▶ **The task**:
What is needed is an exact transcription of the listing, with the images removed.
○ ○ ○ ○ ○ ○ ○
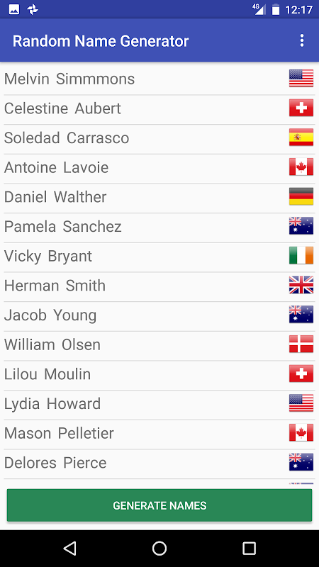 这种随机名称生成将创建一个从许多不同国籍的随机名称和地址。您也可以选择生成的名字的性别和名字复制到Android剪贴板。
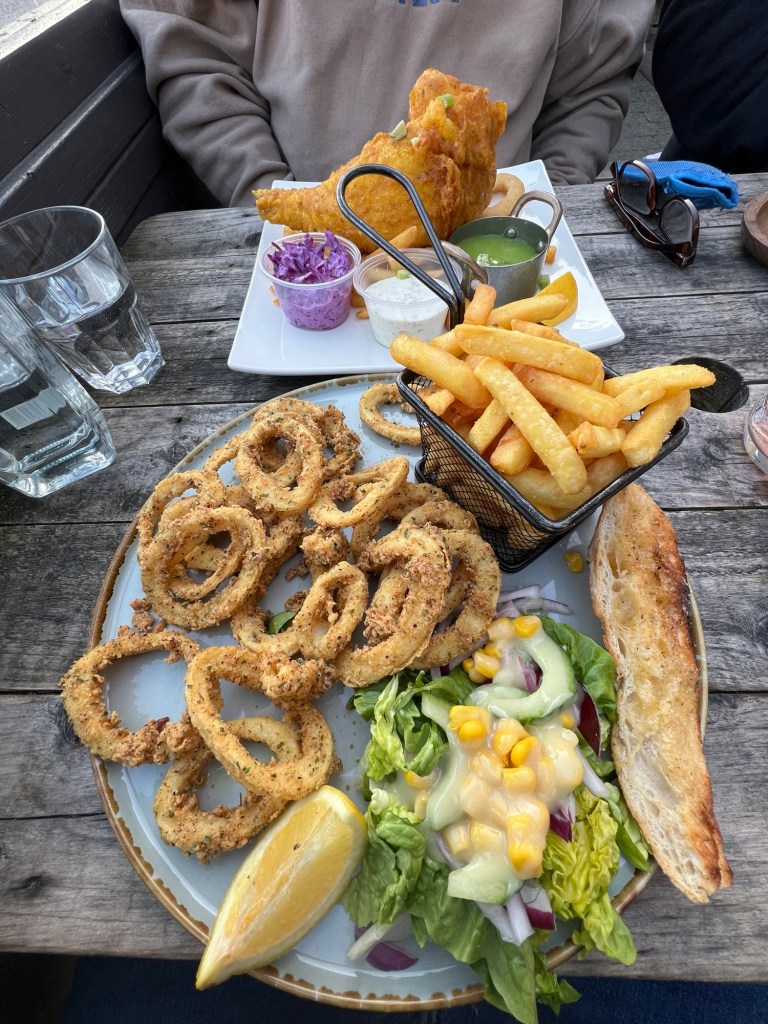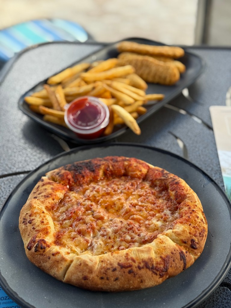 Our server was wonderful, and the food was great! Like I said, you can order off the menu and get a chicken philly cheesesteak, which Rachel enjoyed, or chicken nuggets & fries, which Bennett ate. I’ve got a seafood lover in my daughter Mattie, which makes this dad happy. She chowed down on the fish, mashed potatoes and green beans with me.
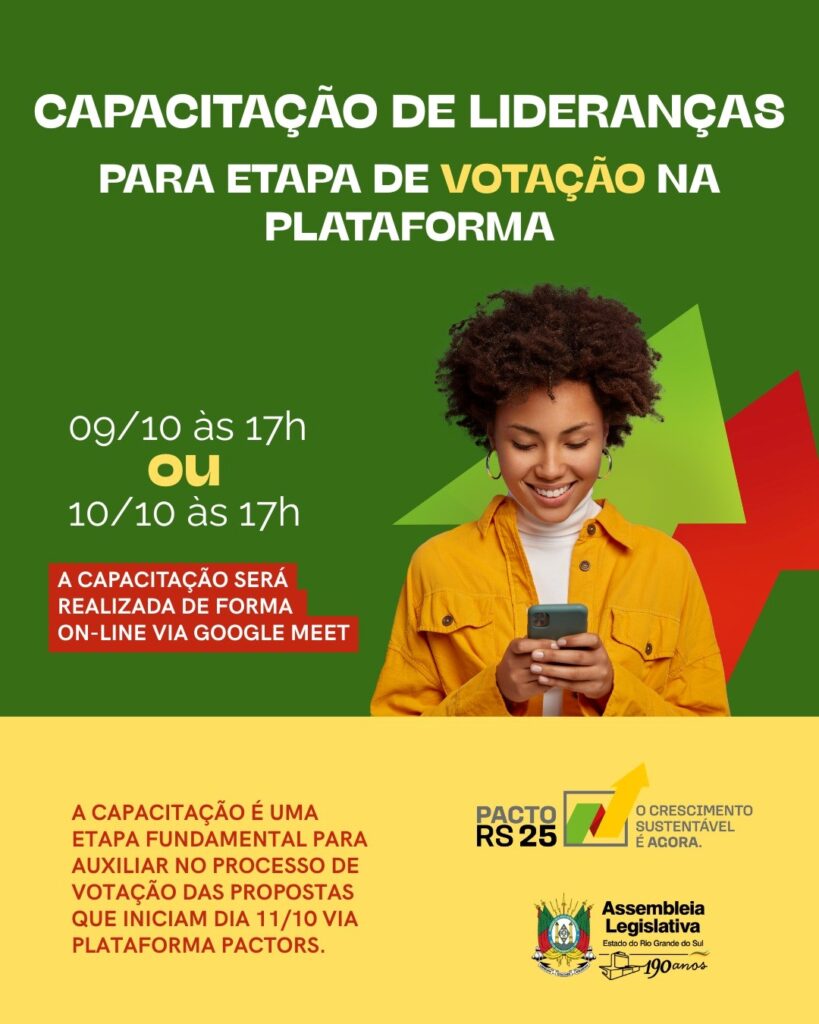 Entre os dias 11 e 26 de outubro, qualquer pessoa poderá votar nas propostas da plataforma Pacto RS 25, um espaço aberto para que a população e as categorias profissionais contribuam com ideias e prioridades para o futuro do estado. O acesso será feito pelo Gov.br, e cada participante poderá escolher até 10 propostas entre as mais de 170 disponíveis.
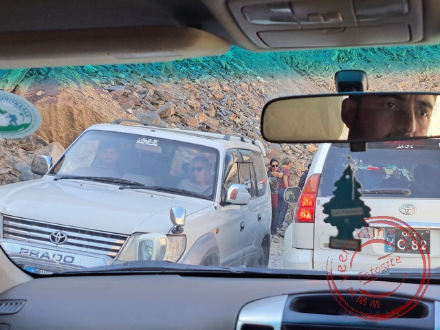 Ik zit vandaag bij Malik in de auto. Hij rijdt de wagen voorzichtig over de rotsachtige weg. Vooral in de bochten is het goed uitkijken dat hij niet te ver naar buiten stuurt, maar ook niet de rotswand raakt. Alles gaat goed. Hij grapt dat het goed is dat ik in de eerste auto zit. De andere auto’s rijden in het stof. De vallei waar we doorheen rijden is adembenemend mooi. Over de route is niets te veel gezegd. De auto past maar net op de weg. Op sommige punten zijn stenen afgebrokkeld. Malik ontwijkt deze plekken zorgvuldig. De eerste brug die we passeren is nog niet ‘de brug’. Het wegdek van de hangbrug beweegt mee met het gewicht van de auto. Het zal allemaal kunnen.
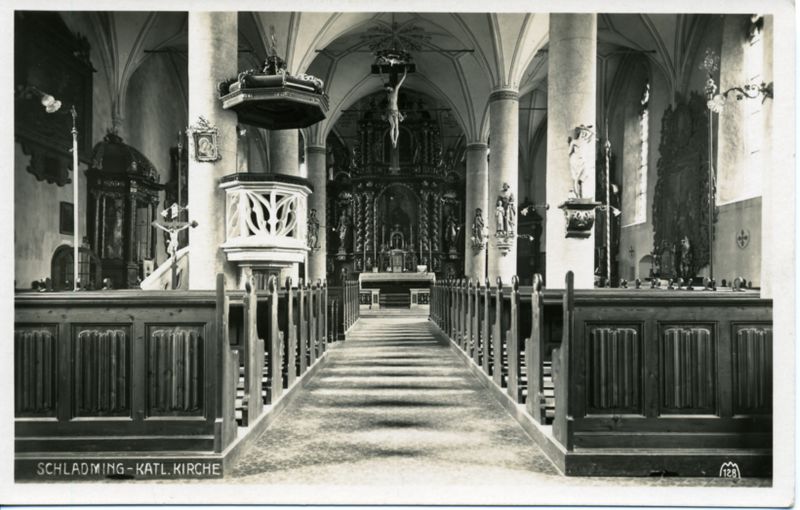 - die Katholische Stadtpfarrkirche hl. Achaz, historische Postkarte von Schladming
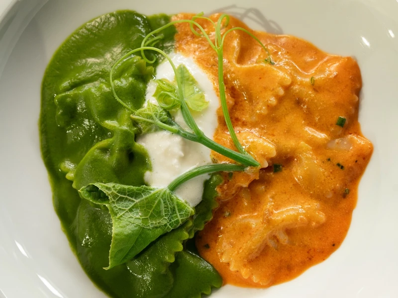 其靈感取自義大利國旗的三色,也象徵與的情誼。左側(cè)的綠色代表 ,Chef Matteo 以綠花椰菜、菠菜、芥藍和九層塔打成青醬,帶出自然清新的草本香氣,并加上龍鬚菜點綴;中間是白色柔滑的絲綢乳酪;右側(cè)則是的紅色版本義大利麵,以臺灣烏魚子融合辣味奶醬,展現(xiàn)濃郁又帶微辣的風(fēng)味。顏色像是義大利國旗在餐桌上的延伸,加上選用蝴蝶結(jié)義大利麵(Farfalle),呼應(yīng)的 logo 造型。
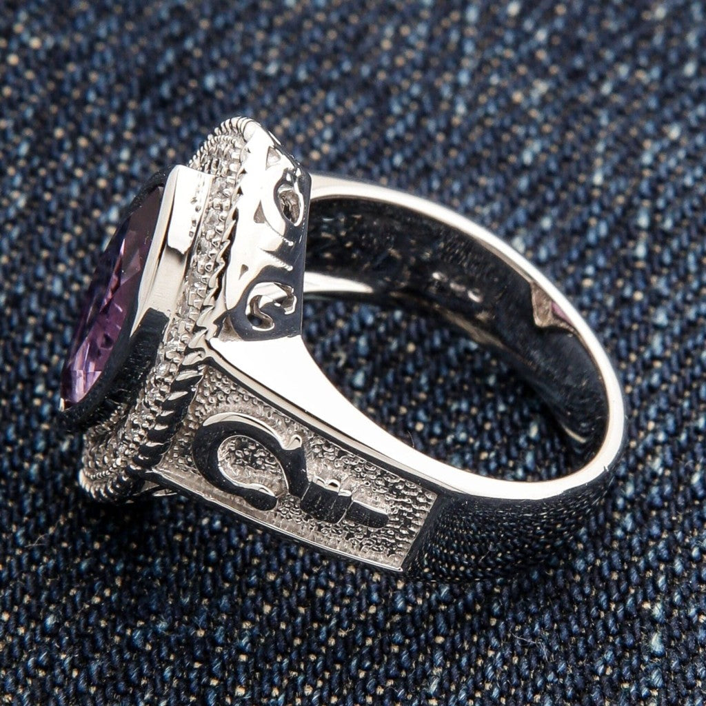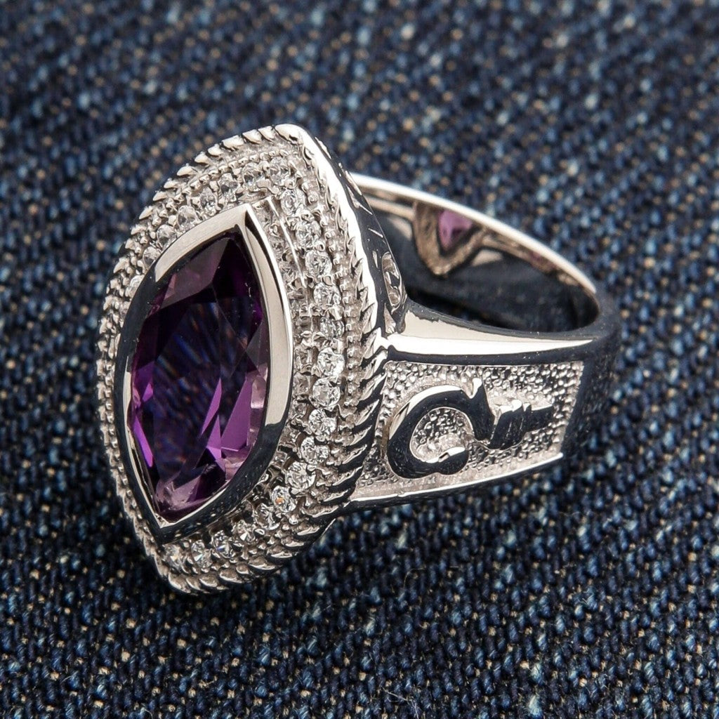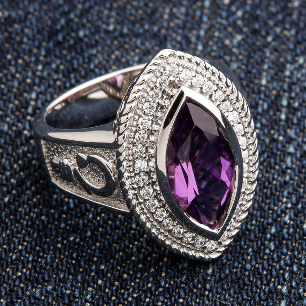 Säteile ajatonta arvovaltaa vangitsevalla naisten hopeisella piispasormuksellamme. Tämä mestarillinen kirkollinen koru on tunnistettavissa upeasta marquise-ametistista, joka on istutettu voimakkaaseen täyshopeiseen runkoon. Se on enemmän kuin pelkkä asuste; se on rohkea viisauden ja tyylin osoitus, huolellisesti valmistettu naiselle, joka johtaa arvokkaasti.
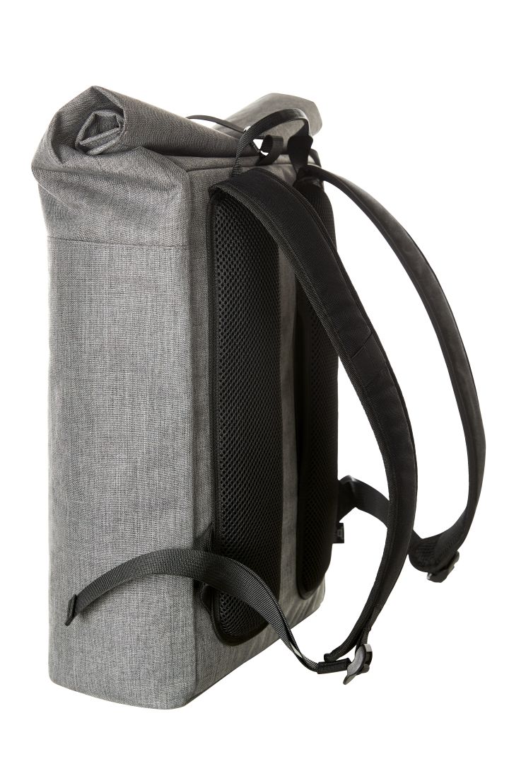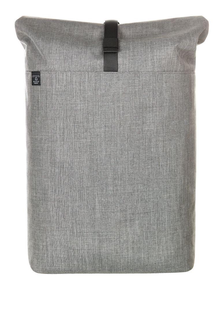 urbaner Rucksack mit Magnet- und Wickelverschluss; geräumiges Hauptfach mit gepolstertem Notebookfach; rPET Obermaterial; rückseitige Reißverschlusstasche; aufwändig gepolsterter Rücken mit verstecktem Reißverschlussfach; gepolsterter Boden; längenverstellbare gepolsterte Schultergurte mit Gummischlaufen zum Befestigen von z.B. Sonnenbrille; Handgriff
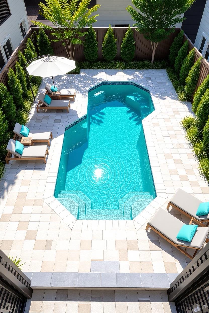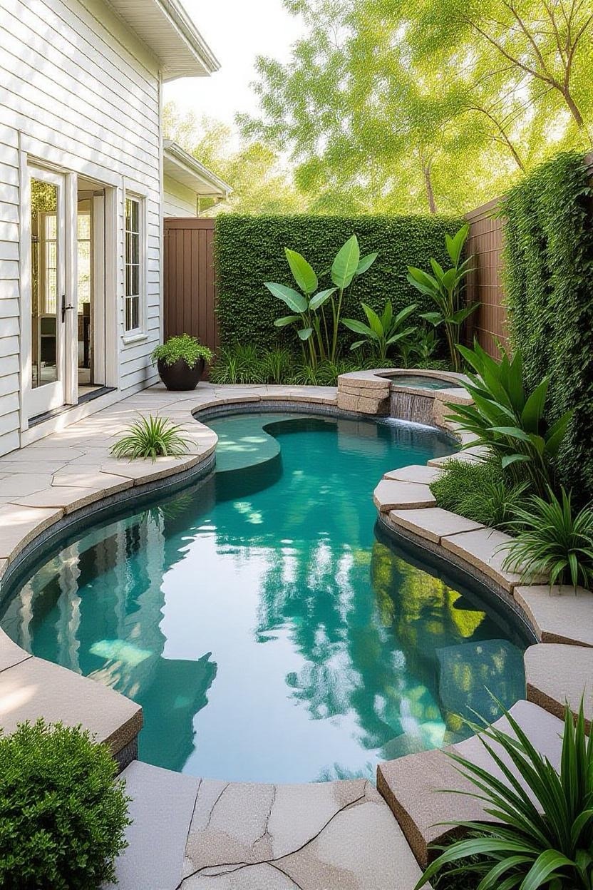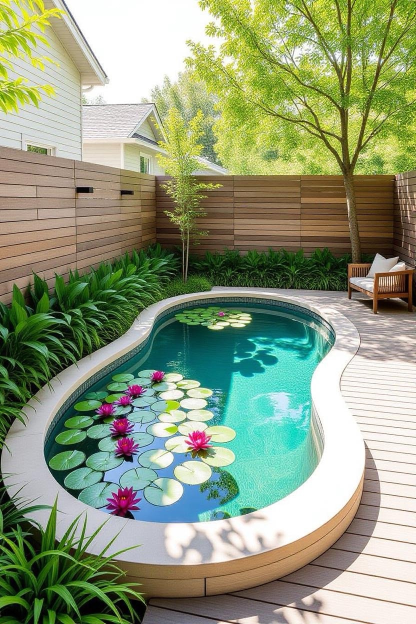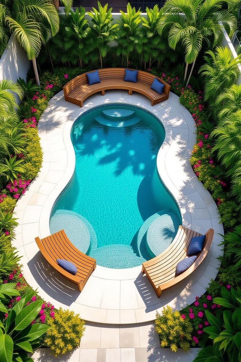 Go beyond rectangles with small hexagonal, oval, or L-shaped pools. Unique geometry makes the pool feel custom and stylish, even in limited spaces.
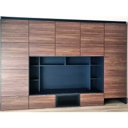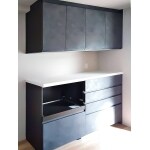 縦のスペースを最大限生かしたっぷり容量の収納棚でとってもお洒落なリビングに。 キッチンにはブラックがカッコイイ、高級感溢れるカップボードをご提案。 これからの思い出をいっぱい詰め込める収納たっぷりの素敵なお家に仕上がりました。
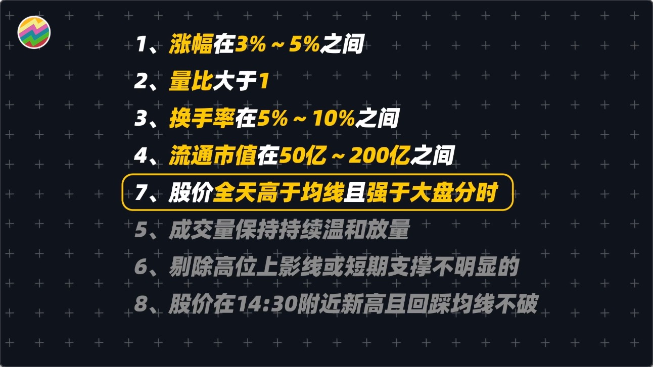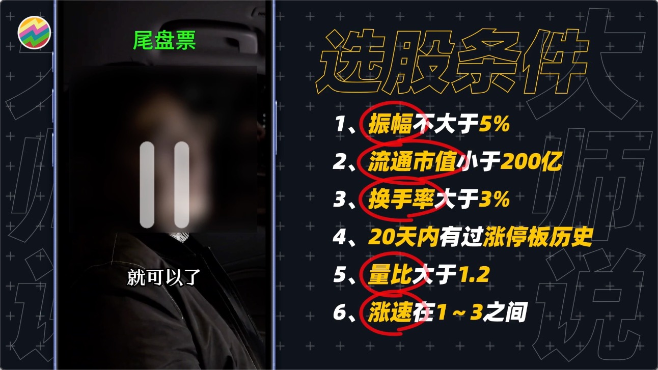 我先去找了一个视频点赞很多,看着也很牛的大佬,他说尾盘选股不是乱买,需要满足以下条件:
○ ○ ○ ○ ○ ○ ○
▶ **Response to the task**:
 这种随机名称生成将创建一个从许多不同国籍的随机名称和地址。您也可以选择生成的名字的性别和名字复制到Android剪贴板。
 Our server was wonderful, and the food was great! Like I said, you can order off the menu and get a chicken philly cheesesteak, which Rachel enjoyed, or chicken nuggets & fries, which Bennett ate. I’ve got a seafood lover in my daughter Mattie, which makes this dad happy. She chowed down on the fish, mashed potatoes and green beans with me.
 Entre os dias 11 e 26 de outubro, qualquer pessoa poderá votar nas propostas da plataforma Pacto RS 25, um espaço aberto para que a população e as categorias profissionais contribuam com ideias e prioridades para o futuro do estado. O acesso será feito pelo Gov.br, e cada participante poderá escolher até 10 propostas entre as mais de 170 disponíveis.
 Ik zit vandaag bij Malik in de auto. Hij rijdt de wagen voorzichtig over de rotsachtige weg. Vooral in de bochten is het goed uitkijken dat hij niet te ver naar buiten stuurt, maar ook niet de rotswand raakt. Alles gaat goed. Hij grapt dat het goed is dat ik in de eerste auto zit. De andere auto’s rijden in het stof. De vallei waar we doorheen rijden is adembenemend mooi. Over de route is niets te veel gezegd. De auto past maar net op de weg. Op sommige punten zijn stenen afgebrokkeld. Malik ontwijkt deze plekken zorgvuldig. De eerste brug die we passeren is nog niet ‘de brug’. Het wegdek van de hangbrug beweegt mee met het gewicht van de auto. Het zal allemaal kunnen.
 - die Katholische Stadtpfarrkirche hl. Achaz, historische Postkarte von Schladming
 其靈感取自義大利國旗的三色,也象徵與的情誼。左側(cè)的綠色代表 ,Chef Matteo 以綠花椰菜、菠菜、芥藍和九層塔打成青醬,帶出自然清新的草本香氣,并加上龍鬚菜點綴;中間是白色柔滑的絲綢乳酪;右側(cè)則是的紅色版本義大利麵,以臺灣烏魚子融合辣味奶醬,展現(xiàn)濃郁又帶微辣的風(fēng)味。顏色像是義大利國旗在餐桌上的延伸,加上選用蝴蝶結(jié)義大利麵(Farfalle),呼應(yīng)的 logo 造型。
 Säteile ajatonta arvovaltaa vangitsevalla naisten hopeisella piispasormuksellamme. Tämä mestarillinen kirkollinen koru on tunnistettavissa upeasta marquise-ametistista, joka on istutettu voimakkaaseen täyshopeiseen runkoon. Se on enemmän kuin pelkkä asuste; se on rohkea viisauden ja tyylin osoitus, huolellisesti valmistettu naiselle, joka johtaa arvokkaasti.
 urbaner Rucksack mit Magnet- und Wickelverschluss; geräumiges Hauptfach mit gepolstertem Notebookfach; rPET Obermaterial; rückseitige Reißverschlusstasche; aufwändig gepolsterter Rücken mit verstecktem Reißverschlussfach; gepolsterter Boden; längenverstellbare gepolsterte Schultergurte mit Gummischlaufen zum Befestigen von z.B. Sonnenbrille; Handgriff
 Go beyond rectangles with small hexagonal, oval, or L-shaped pools. Unique geometry makes the pool feel custom and stylish, even in limited spaces.
 縦のスペースを最大限生かしたっぷり容量の収納棚でとってもお洒落なリビングに。 キッチンにはブラックがカッコイイ、高級感溢れるカップボードをご提案。 これからの思い出をいっぱい詰め込める収納たっぷりの素敵なお家に仕上がりました。
 我先去找了一个视频点赞很多,看着也很牛的大佬,他说尾盘选股不是乱买,需要满足以下条件:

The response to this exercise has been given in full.